Dataset items:
* * * *

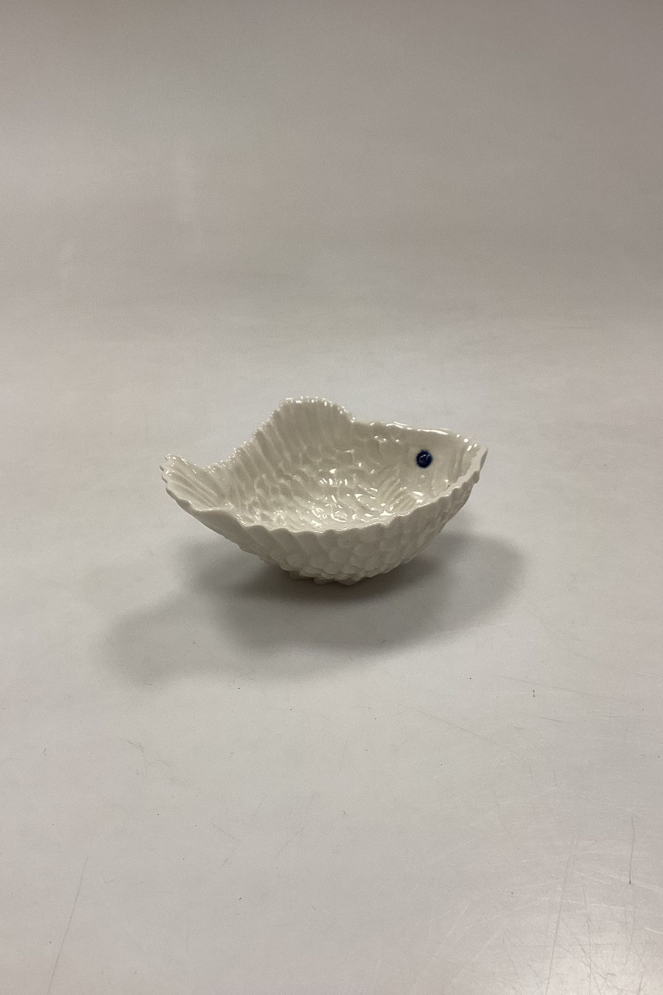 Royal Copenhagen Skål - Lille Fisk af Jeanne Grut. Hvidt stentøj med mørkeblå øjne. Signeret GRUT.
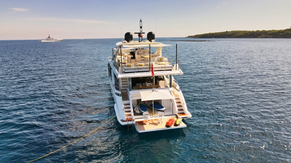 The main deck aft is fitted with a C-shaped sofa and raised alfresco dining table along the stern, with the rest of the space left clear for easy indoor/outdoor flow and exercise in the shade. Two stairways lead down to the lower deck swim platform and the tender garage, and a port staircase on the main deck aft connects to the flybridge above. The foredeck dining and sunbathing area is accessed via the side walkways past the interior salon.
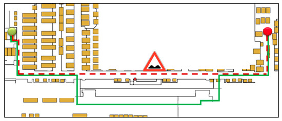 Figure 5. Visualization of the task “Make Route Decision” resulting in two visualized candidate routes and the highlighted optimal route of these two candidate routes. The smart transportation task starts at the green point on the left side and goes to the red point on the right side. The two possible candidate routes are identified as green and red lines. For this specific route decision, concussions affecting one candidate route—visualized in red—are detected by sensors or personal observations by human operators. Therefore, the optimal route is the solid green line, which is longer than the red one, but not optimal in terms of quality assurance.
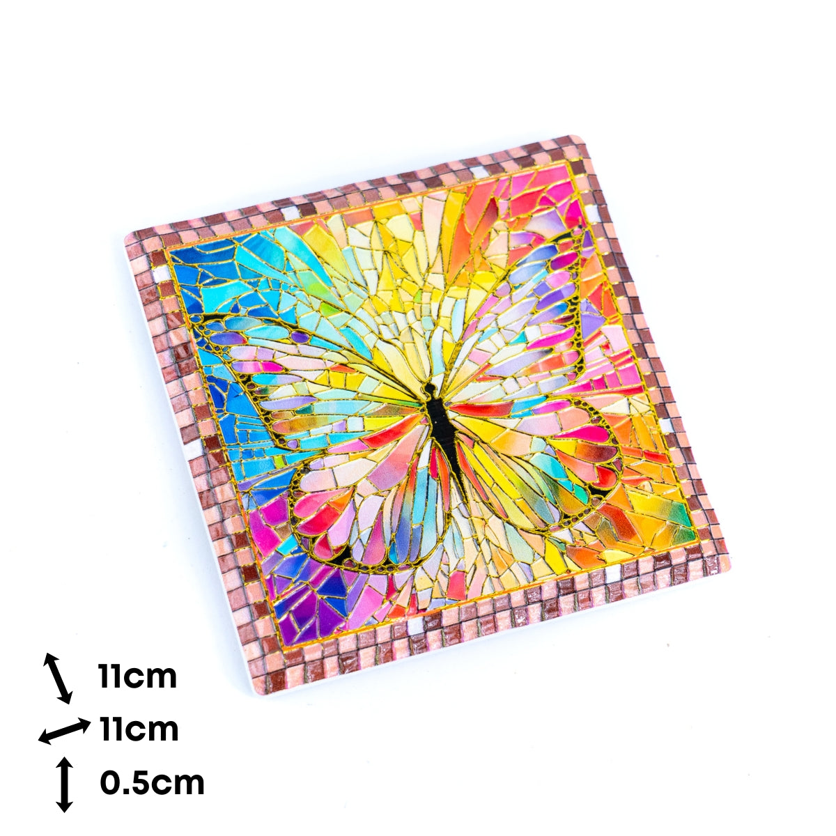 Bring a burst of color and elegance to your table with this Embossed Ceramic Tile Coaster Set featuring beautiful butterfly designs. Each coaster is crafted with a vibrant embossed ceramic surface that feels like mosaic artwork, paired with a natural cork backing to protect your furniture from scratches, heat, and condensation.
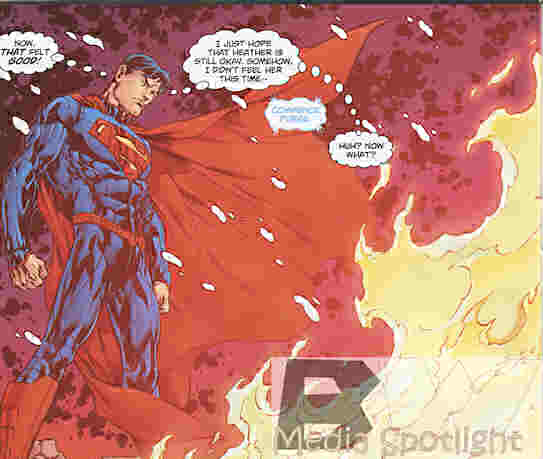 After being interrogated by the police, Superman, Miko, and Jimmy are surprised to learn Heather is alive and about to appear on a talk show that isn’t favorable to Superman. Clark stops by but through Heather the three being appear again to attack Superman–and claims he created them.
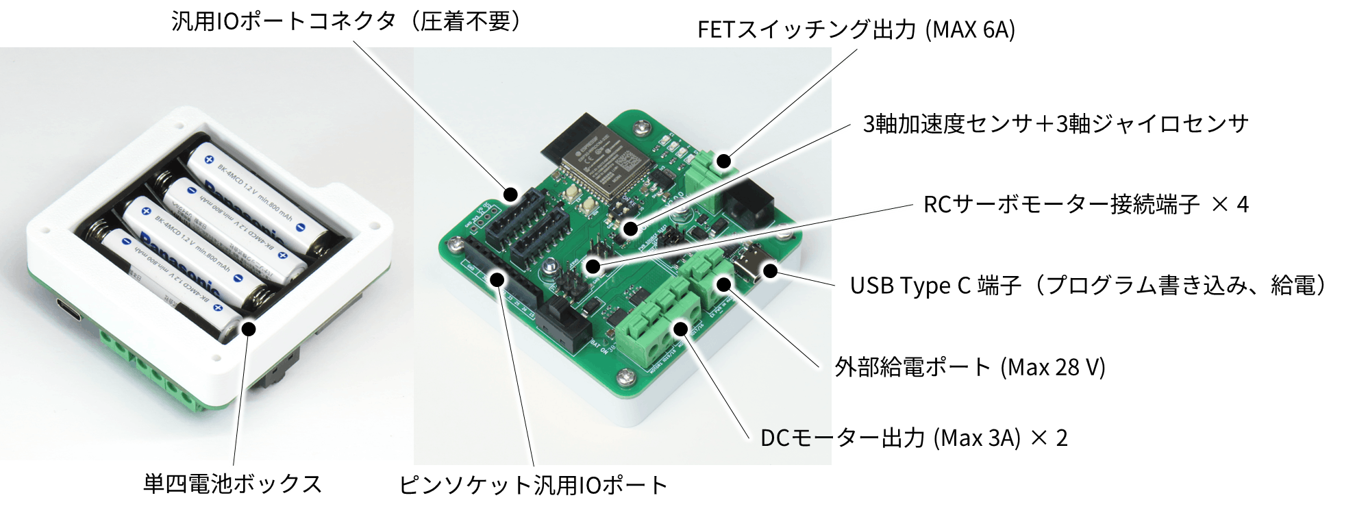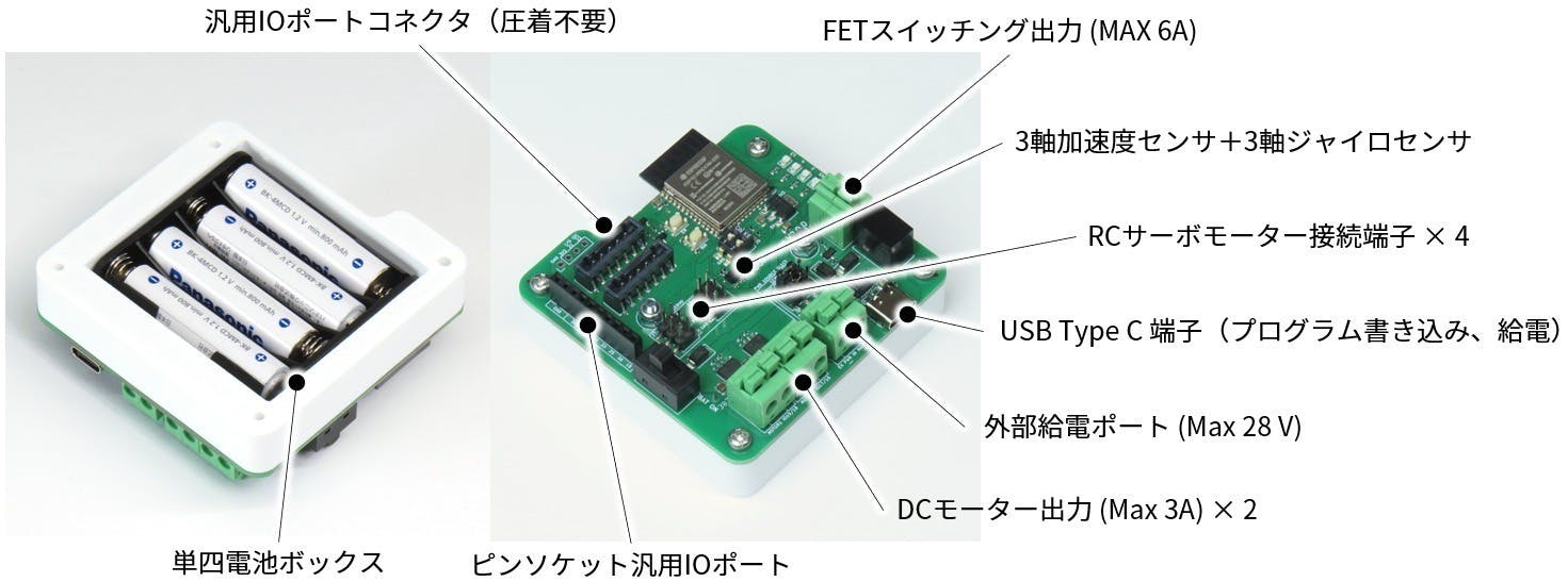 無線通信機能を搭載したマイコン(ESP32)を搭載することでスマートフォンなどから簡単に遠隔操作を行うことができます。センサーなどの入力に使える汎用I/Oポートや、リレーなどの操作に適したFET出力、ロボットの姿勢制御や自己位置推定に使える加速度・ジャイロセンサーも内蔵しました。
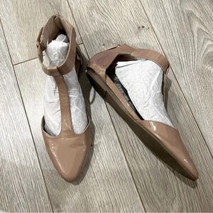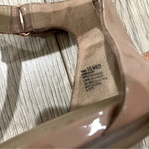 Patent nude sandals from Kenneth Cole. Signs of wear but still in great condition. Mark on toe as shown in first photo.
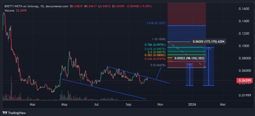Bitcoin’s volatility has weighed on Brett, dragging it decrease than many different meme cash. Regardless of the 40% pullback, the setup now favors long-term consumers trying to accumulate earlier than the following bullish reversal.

* * * *

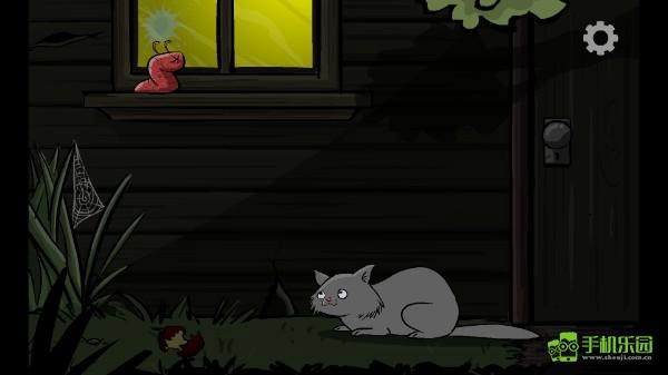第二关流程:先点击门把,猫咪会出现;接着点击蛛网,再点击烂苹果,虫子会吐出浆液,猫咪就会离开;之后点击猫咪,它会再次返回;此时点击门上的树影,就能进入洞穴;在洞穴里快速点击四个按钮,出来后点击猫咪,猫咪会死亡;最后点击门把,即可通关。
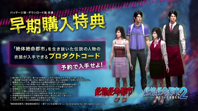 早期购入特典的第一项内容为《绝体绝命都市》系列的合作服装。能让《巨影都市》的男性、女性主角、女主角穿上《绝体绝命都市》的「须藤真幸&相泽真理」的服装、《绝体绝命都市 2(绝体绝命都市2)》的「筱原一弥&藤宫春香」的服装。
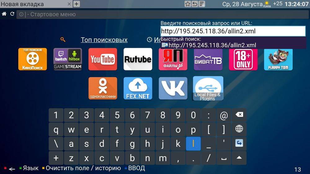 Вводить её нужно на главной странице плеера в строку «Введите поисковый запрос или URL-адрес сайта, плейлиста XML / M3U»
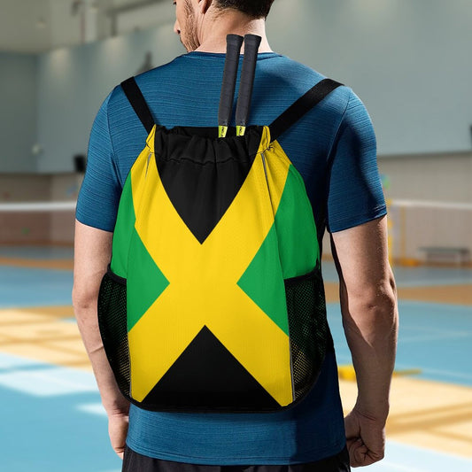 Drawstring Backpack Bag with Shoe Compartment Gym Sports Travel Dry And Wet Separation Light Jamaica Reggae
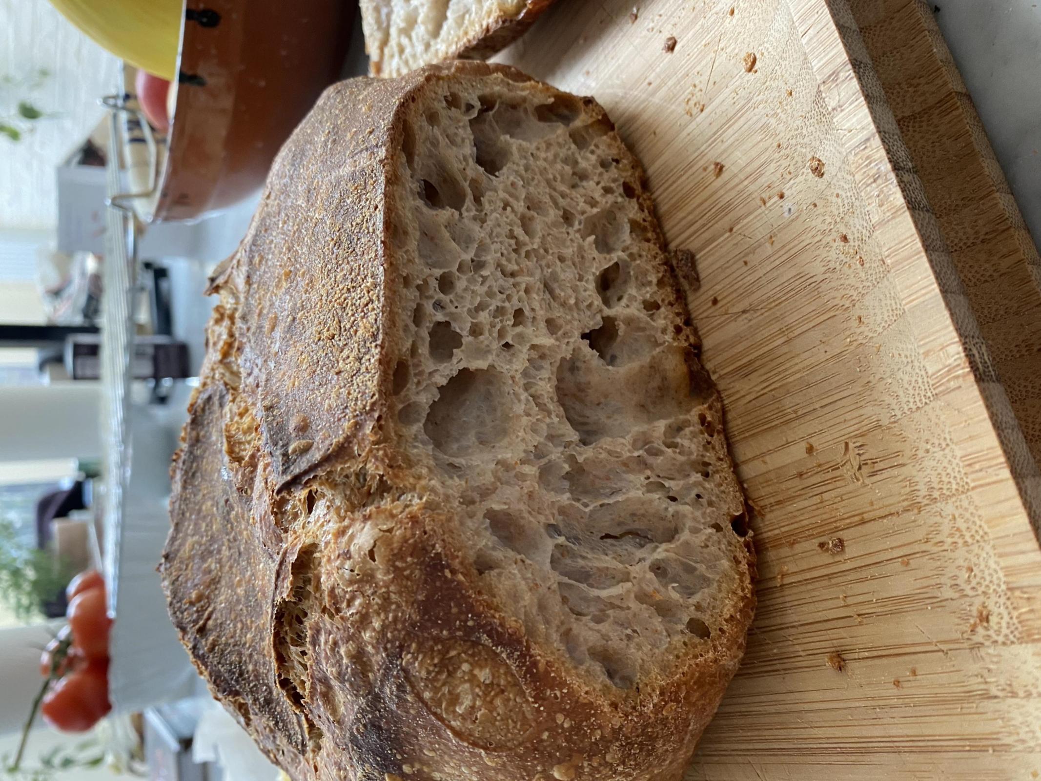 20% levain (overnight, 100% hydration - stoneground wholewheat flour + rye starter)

* * * *

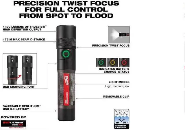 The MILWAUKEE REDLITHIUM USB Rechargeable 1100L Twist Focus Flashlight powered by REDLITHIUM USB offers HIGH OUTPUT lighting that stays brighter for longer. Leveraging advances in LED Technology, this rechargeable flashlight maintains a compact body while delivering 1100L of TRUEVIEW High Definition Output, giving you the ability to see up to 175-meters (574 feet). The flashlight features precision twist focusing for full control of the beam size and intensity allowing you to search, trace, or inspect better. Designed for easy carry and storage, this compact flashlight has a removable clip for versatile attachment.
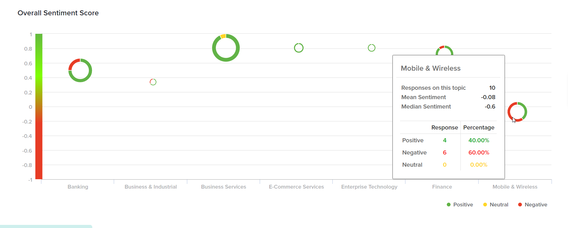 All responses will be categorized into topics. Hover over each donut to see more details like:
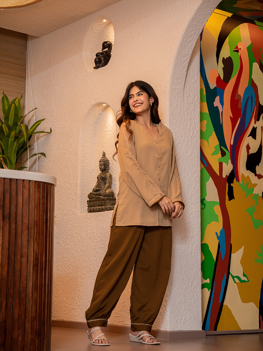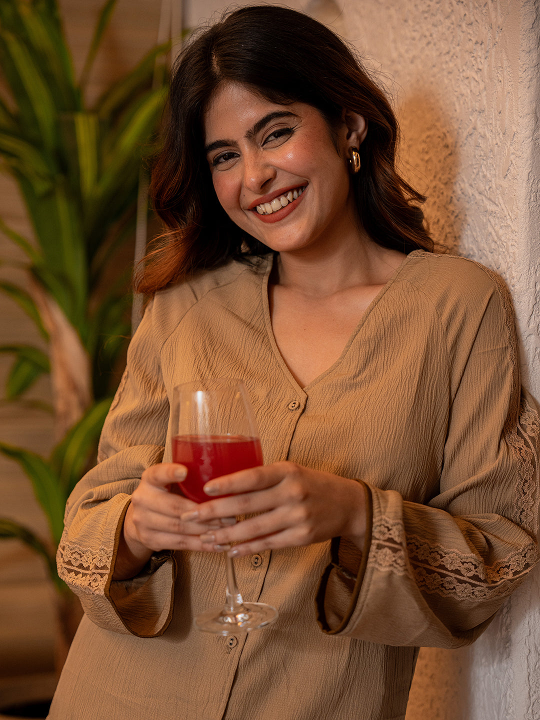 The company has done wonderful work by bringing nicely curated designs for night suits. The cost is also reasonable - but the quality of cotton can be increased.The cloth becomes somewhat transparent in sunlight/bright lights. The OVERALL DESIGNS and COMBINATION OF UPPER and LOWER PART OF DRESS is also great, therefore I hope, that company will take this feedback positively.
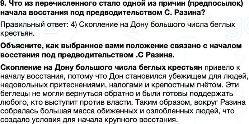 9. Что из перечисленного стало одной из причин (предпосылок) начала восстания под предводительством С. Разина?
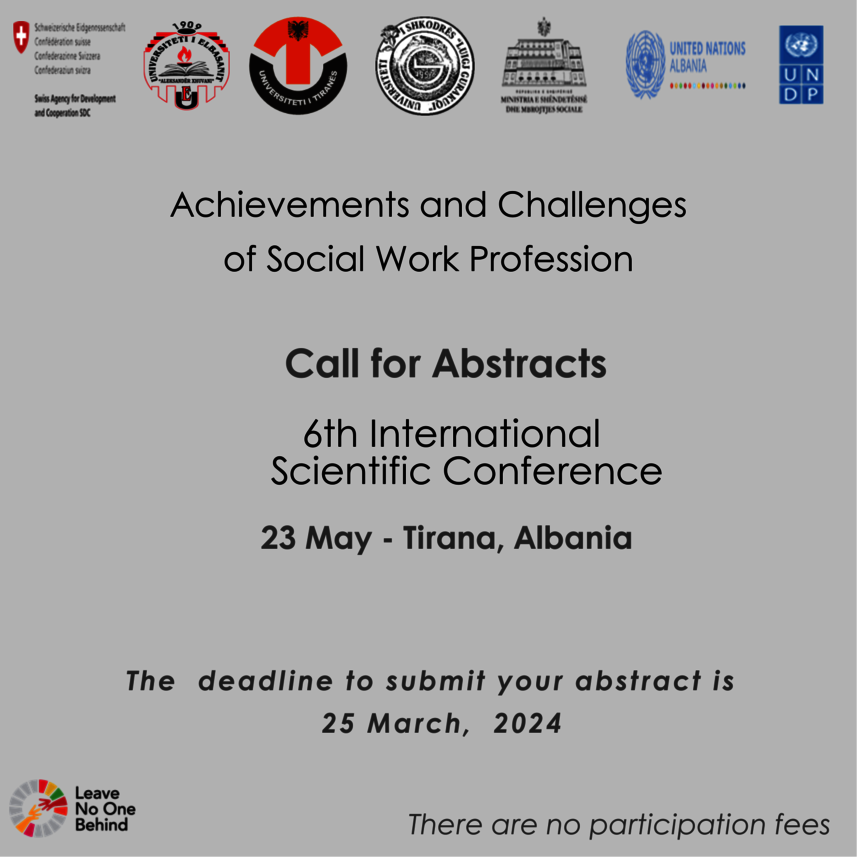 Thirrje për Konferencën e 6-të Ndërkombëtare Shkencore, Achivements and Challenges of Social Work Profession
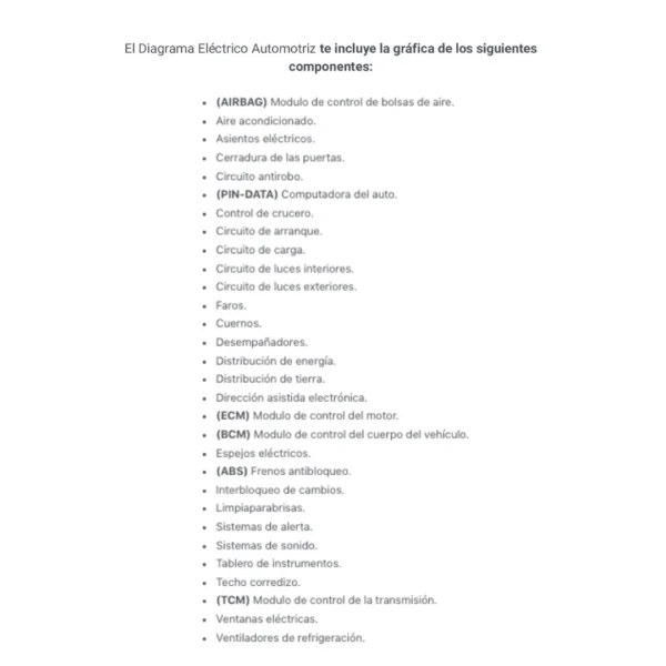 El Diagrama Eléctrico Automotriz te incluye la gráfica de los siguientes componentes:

* * * *

» Activity
Start at the line containing "Bring a burst" above and stop at the line containing "無線通信機能を搭載したマイコ". Output those lines exactly, both included, but none of the pictures.

» Exercise solution
 Bring a burst of color and elegance to your table with this Embossed Ceramic Tile Coaster Set featuring beautiful butterfly designs. Each coaster is crafted with a vibrant embossed ceramic surface that feels like mosaic artwork, paired with a natural cork backing to protect your furniture from scratches, heat, and condensation.
 After being interrogated by the police, Superman, Miko, and Jimmy are surprised to learn Heather is alive and about to appear on a talk show that isn’t favorable to Superman. Clark stops by but through Heather the three being appear again to attack Superman–and claims he created them.
 無線通信機能を搭載したマイコン(ESP32)を搭載することでスマートフォンなどから簡単に遠隔操作を行うことができます。センサーなどの入力に使える汎用I/Oポートや、リレーなどの操作に適したFET出力、ロボットの姿勢制御や自己位置推定に使える加速度・ジャイロセンサーも内蔵しました。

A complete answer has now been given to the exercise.